コックさんを雇って料理を作ってもらいたい!

そのくらい食事作りが負担になっています。

一人暮らしをしていた若い頃より、家庭をもった今の方が料理が嫌になっている・・・

これまでに家事を楽にする系の本を何冊も読んで実践してきましたが、どれも長続きしませんでした。

なぜならそれらの本のほとんどが結果的に料理が楽になることはなかったからです。

例えば週末の下ごしらえや副菜の作り置き、冷凍術、出来た時はその後が楽ですが、そのうち週末がしんどくなりました。

圧力鍋、保温鍋、オーブン、レンジ、とても便利ですが食事作りが楽になるほど使いこなせていない。

この本はこれまで読んだ本とは全く違う視点と思考があります。

こんな方におすすめ

  • 忙しくて食事作りにいつも追われている方
  • 料理が苦手で嫌になっている方
  • 楽に調理したいが健康のことも考えている方
  • 調理家電のフル活用に抵抗がある方
  • 本の紹介

    著者の見解がまず述べられています。

    ”家事の中で料理だけが進化することなく、多くの人たちがいつまでも古い調理法にとらわれており、いつまでも幸福度が上がらない”

    無意識に長く培われてきた常識を自分が持っていることにハッと気付かされます。意外と多くの人がこのことに気付いていないのかもしれません。

    じっくり手間ひまかけて作り上げる食も私は好きですし、否定はしません。

    しかし、毎日となると精神的にも肉体的にも疲弊し苦痛となります。

    本書で紹介する料理負担軽減の鍵は、ズバリ「調理家電」「思考改革」です。

    著者はヘルシオオーブン2台、ヘルシオ調理鍋2台をフル稼働、他にの多くの調理家電を使用しています。買い物も宅配、と現代のテクノロジーを極端なほどまでに活用しています。

    ちょっとやり過ぎでない・・・???とも思うとこありますが、

    家事稼働時間の計算、味付けの計算でいかに負担が減るかを証明し、説得力があります。

    これは実践すると本当に時短になるかも!と希望を抱きましたね。

    ただ単に新しい家電に投資すれば良いと言っているのではありません。

    そのためには古い思考を捨てなければなりません。

    つまり、多くの人は「料理が大変だ」と言いつつ「手を加えたほうが美味しい」と信じ込んでいるので、調理家電を持っていても上手く使っていないというわけです。
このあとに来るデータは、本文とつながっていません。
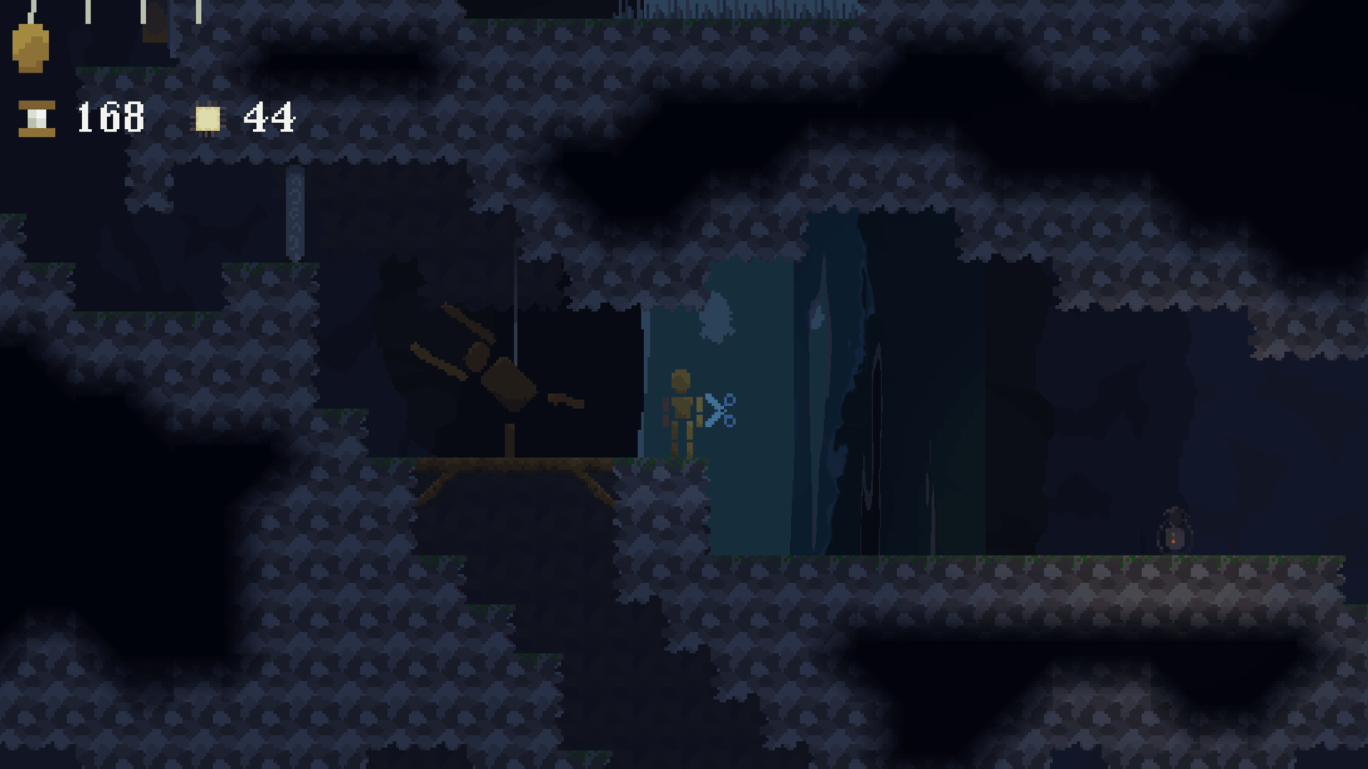A puppet themed platformer metroidvania with a focus on platforming rather than combat. Throw your crystal scissors into walls to create your own platforms, explore a twisting and mysterious land, and solve puzzles on a worldwide scale.

    私も「それ、あるかも・・」と思った一人です。忙しくて料理が負担なのに、料理に時間をかけている・・。

    その思考は幻想だと著者は言っています。

    調理家電を効率よく使うためにはその幻想を捨てなければなりません。

    そして、効率的な調理家電だからこそ料理は美味しくそして健康的に作れることを具体的なレシピと一緒に説いています。

    まさにロジカル、論理的思考です。

    苦痛を感じながら、かつ時間も奪われるなんて悲しすぎます。

    色々やっても食事づくりの家事軽減につながらない方はぜひ、この本を参考にしてみてください。

    要約ポイント

    家電の活用は幸せにつながる投資である

    著者自身が若い頃、料理の常識に無意識に凝り固まってしまい、料理の負担が大きく美味しくない為、惣菜に走るということが続いていました。

    常識をまず見直してみることをすすめています。

    常識とは具体的に「鍋やフライパンを当たり前に使うこと」です。

    代わりに調理家電を使用することで家事が楽になります。

    惣菜費用や家電費用、料理時間を計算し楽になることを証明しています。

    その証明を根拠に著者は食器乾燥機やナイフ、パン焼き機など家電調理器をフルに活用しています。
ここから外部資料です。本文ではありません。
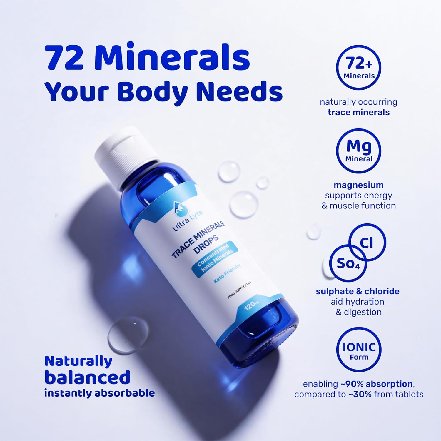 Ultra Lyte Trace Mineral Drops are designed to replenish and revitalize your body with essential minerals. This all-natural supplement contains 72 trace minerals that support hydration and overall well-being. Ideal for those who lead active lifestyles, these drops can easily be added to water or other beverages for a convenient boost. Each 118 ml bottle provides a 48-day supply, making it a practical choice for daily use.
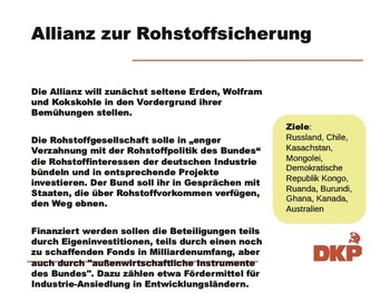 In dieser Allianz für Rohstoffsicherung, die sich jetzt erst einmal konstituiert hat, sollen (über einen Fond oder direkt) Milliarden reingesteckt werden, um dann gemeinsam Rohstoffsicherung weltweit zu betreiben, im Auftrag der Monopole, die ich gerade genannt hatte. Es ist natürlich auch in der Diskussion, Fördermittel durch die KFW und andere staatliche oder halbstaatliche Institutionen in Anspruch zu nehmen. Zur Zeit allerdings gibt es kein direktes finanzielles Engagement der Bundesregierung, bis jetzt handelt es sich finanziell um eine privatwirtschaftliche Initiative.
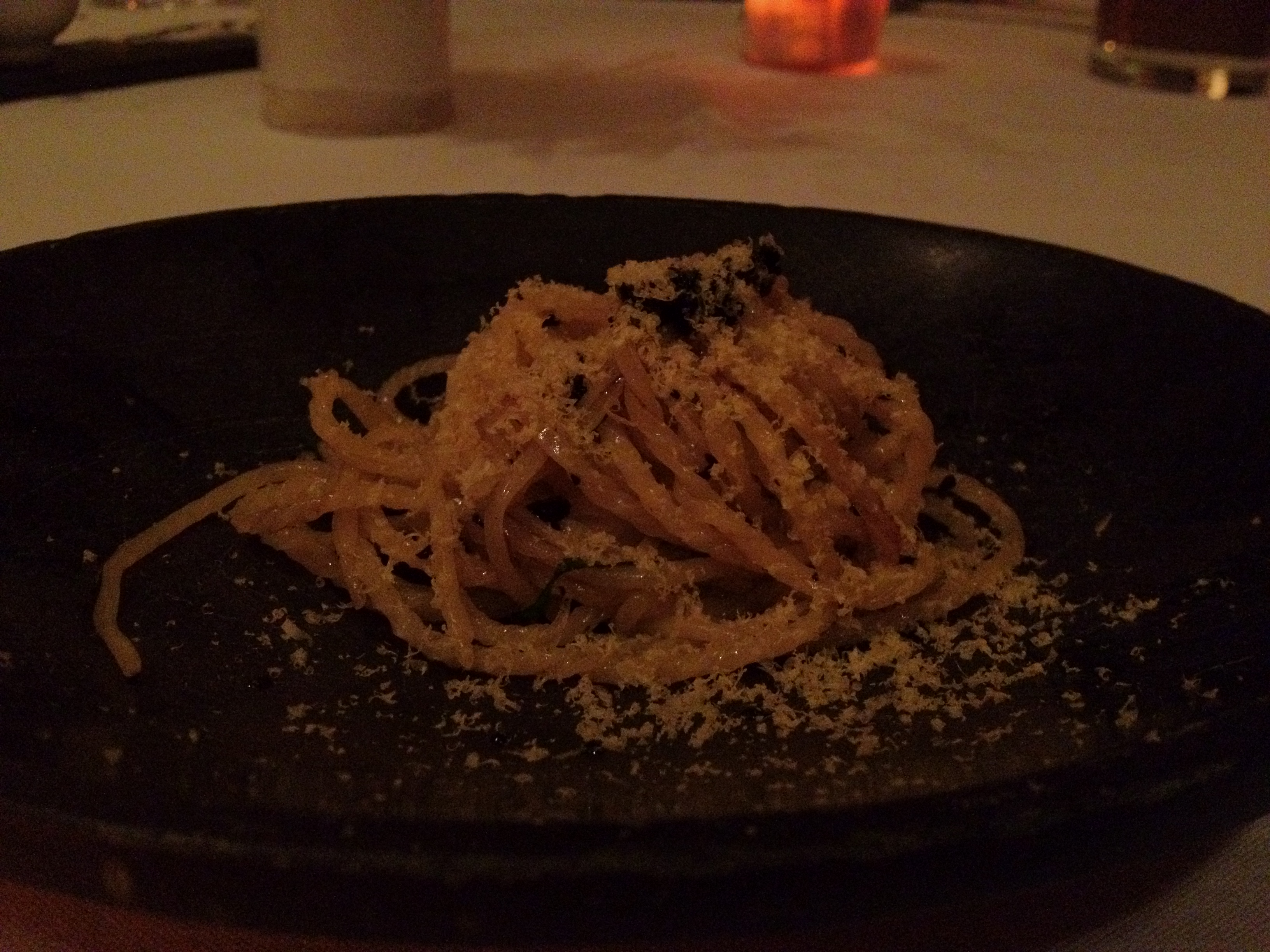 They chose goose eggs for the pasta because the eggs have the highest concentration of protein in the yolk, translating into greater flavor. The immature egg is extracted from the hen and cured so that the flavor can concentrate. It is then shaven over the pasta like truffles or cheese.

    さすがに全部の調理家電を取り入れることは難しいと思いますが、著者がそれらをフル活用している理由には納得。

    家事が楽になるだけでなく、出来上がりが美味しくなるとのことです。

    ロジカルな料理で結果健康的になる

    調味料を4種類にして塩分の法則で味付けすれば、時短になるだけでなく素材の味を生かせて美味しくなるというのです。

    いたってシンプル。

    手間のかかることはしない、切り方を決める。

    つまり、必要なことだけに絞ることで究極のシンプル料理ができます。

    それに加えて味もいいという。

    やることが絞られて、決まっているから楽。

    楽なら自炊をすすめられても納得できます。

    豪華で美味しい惣菜も料理の時短になりますが、著者が自炊をすすめるのは健康のためだといいます。
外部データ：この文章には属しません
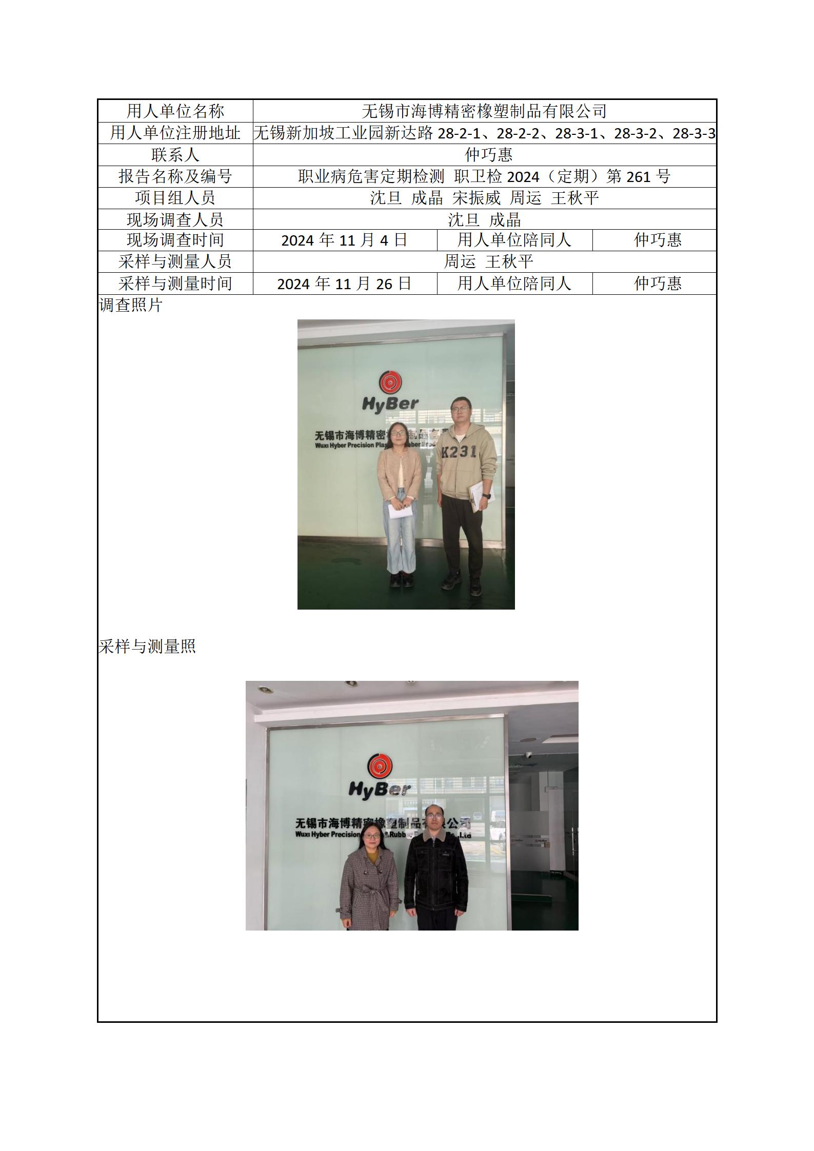 现场采样每日上报(无锡市海博精密橡塑制品有限公司)
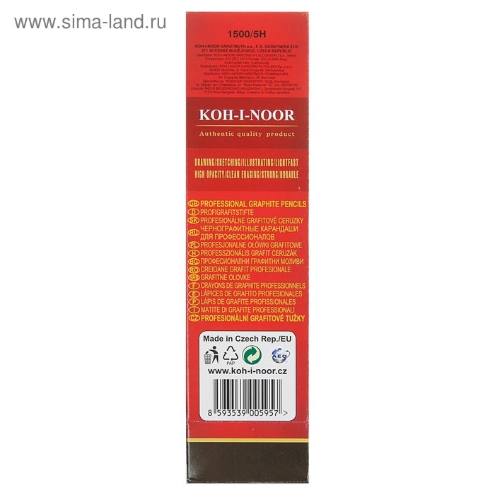 Карандаш чернографитный Koh-I-Noor 1500 5H, профессиональный, лакированный корпус
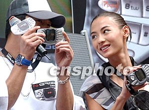 香港明星陳小春、張柏芝,周日一同亮相時代廣場,為諾基亞首部手提游戲手機作推廣活動,張柏芝站在陳小春身后不停笑他十分投入的姿態(tài)。中新社記者:錢興強
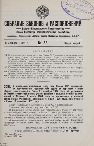 Главная Собрание законов и распоряжений правительства РСФСР и СССР Собрание законов и распоряжений Рабоче-Крестьянского Правительства ... Собрание законов и распоряжений Рабоче-Крестьянского Правительства ... Документы О признании имеющими силу для Союза ССР конвенций: об освобождении ...
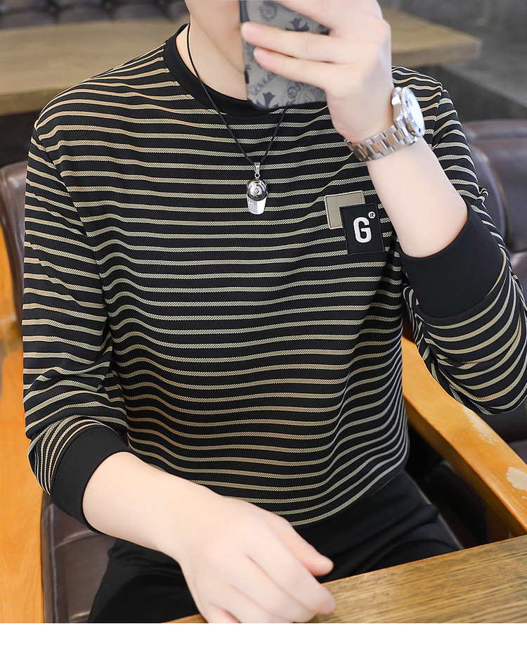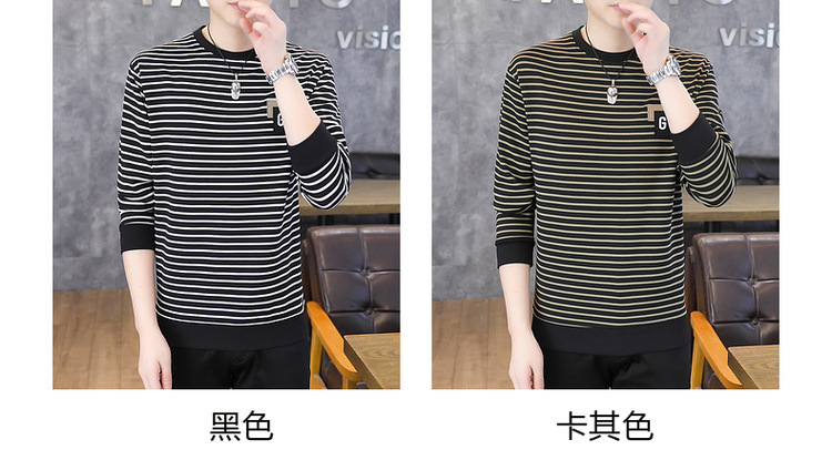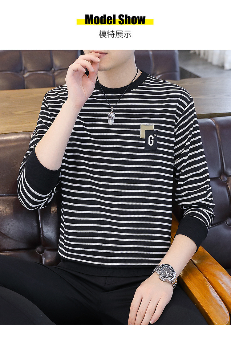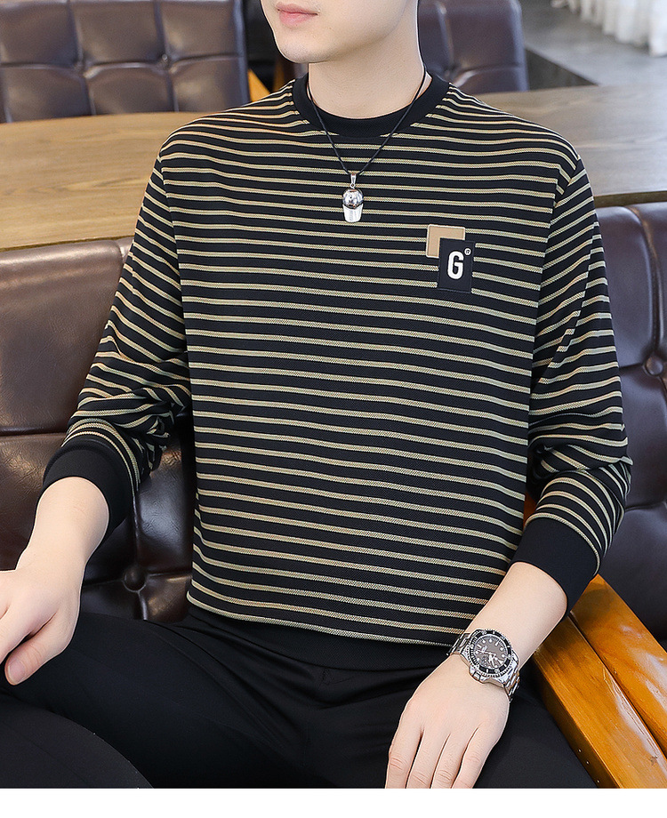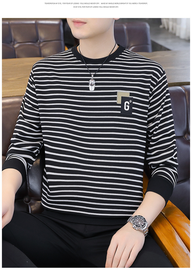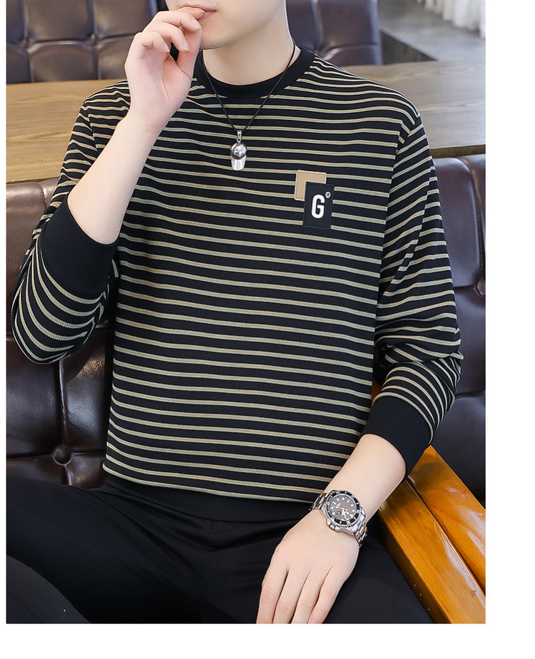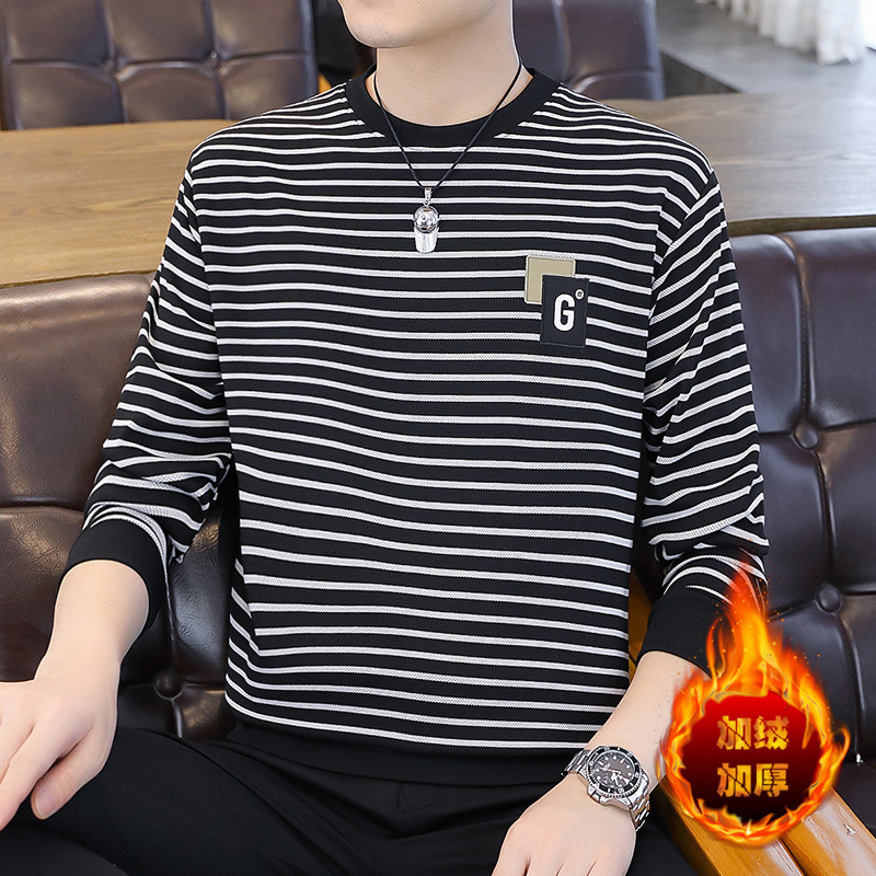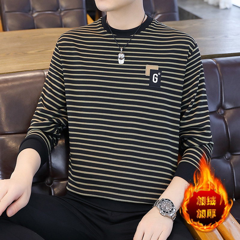 가을 겨울 신상 남성용 기모 스웨트셔츠, 캐주얼 라운드넥 긴팔 티셔츠, 남성용 스트라이프 루즈핏 아우터웨어

    自炊のほうが栄養的にも優れているし、添加物を減らせてより健康的だというのです。

    自炊が健康に良さそう、というのは多くの人が抱いている思いでしょう。

    ところが自炊は最も労力のかかる家事。

    ここに大きな葛藤が生まれて苦しくなるのです。

    この本は労力をなくすことと健康な食事をすることの両方を実現するのが調理家電だと強調しています

    ただしすぐさま購入を勧めているわけではありません。

    ほとんどの家庭である炊飯器やグリルなどをまずはもっと利用することを考えてはどうか、とすすめています。

    ロジカル料理がおいしい理由とレシピ

    調理家電のメリット

    外食やお惣菜より

    美味しい 手間も時間もかからない お金がかからない

    あらま、いいことずくめだわ!!

    著書ではなぜ美味しくなるのかについても科学的に説明しています。

    キーポイントは温度、時間、圧の3つ。

    3つのポイントは鍋やフライパンより調理家電で行うが遥かに簡単にできます。

    レシピを紹介していているのでわかりやすいです。

    行動・思考のポイント

    • 手間ひまかけることだけが美味しくなるコツではないことを発見
    • それによって家事への負担感が減る
    • 調理家電をもっと有効活用してみようという気になる
    • 料理の労力が減るという期待感が高まる

    このように考え実行してみた結果、気楽な気持ちで料理をできるようになり、自分のために使える時間も増えるようになります。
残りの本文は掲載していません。